The report projects that over half of Harbor Island would be under water in a regular high tide event by the year 2050.

But that’s not all. Sections of the South Park, Georgetown, Magnolia and Interbay neighborhoods, among others, are also in the path of sea level rise. Seattle Public Utilities worries about flooding affecting key infrastructure – like the West Point wastewater treatment plant and stormwater outflows around the Sound.

The city council’s Climate Action Plan makes 150 recommendations for reducing greenhouse gas emissions and adapting to climate change across a variety of sectors.

The recommendations include things like providing incentives for more energy efficient buildings, getting more electric vehicles on the road, and promoting urban forestry in the hottest parts of the city.

The report also calls for the state government to tax climate pollution (as British Columbia did) or institute a cap and trade system, (as California did).

Last month high tides flooded 100 homes along Alki Beach in West Seattle.

But this city’s not alone in her suffering at the hands of climate change. Nor will she be in the future.

“There’s a large land area that is near and potentially vulnerable to these rising seas,” says Amy Snover, director of the Climate Impacts Group at the University of Washington.

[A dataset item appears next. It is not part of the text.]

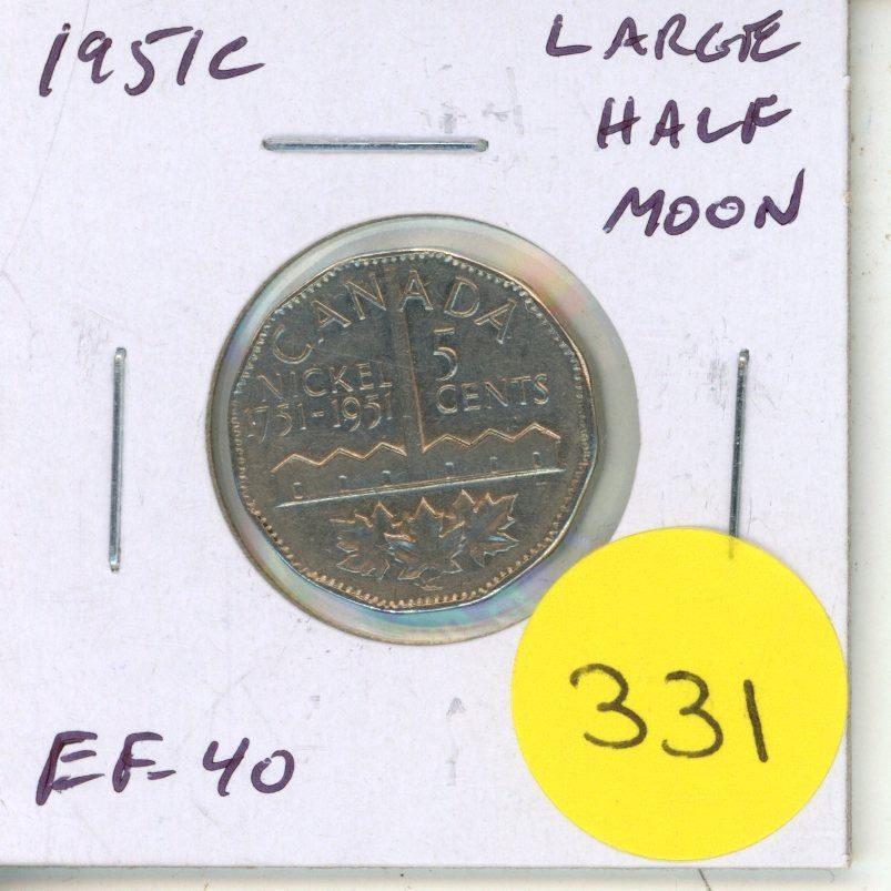 1951c Nickel 5 Cents with Large Half Moon from Die Clash. EF-40.

Snover co-authored the Northwest chapter of the draft National Climate Assessment released for review today.

Globally, sea level is projected to rise between 1 and 4 feet by the end of this century. In Oregon and Washington over 140 thousand acres of coastal land fall below that 4 foot mark.

That raises the question: Can all these climate action items proposed by the Seattle City Council actually accomplish anything?

“Seattle can do what Seattle can do,” Snover sats, “and it won’t solve the problem but all they can do is what they do.”

In the absence of federal climate policy there’s only so much any local jurisdiction can accomplish.

In a press release the Seattle City Council advised people living in coastal areas that are prone to flooding to buy insurance from the National Flood Insurance Program.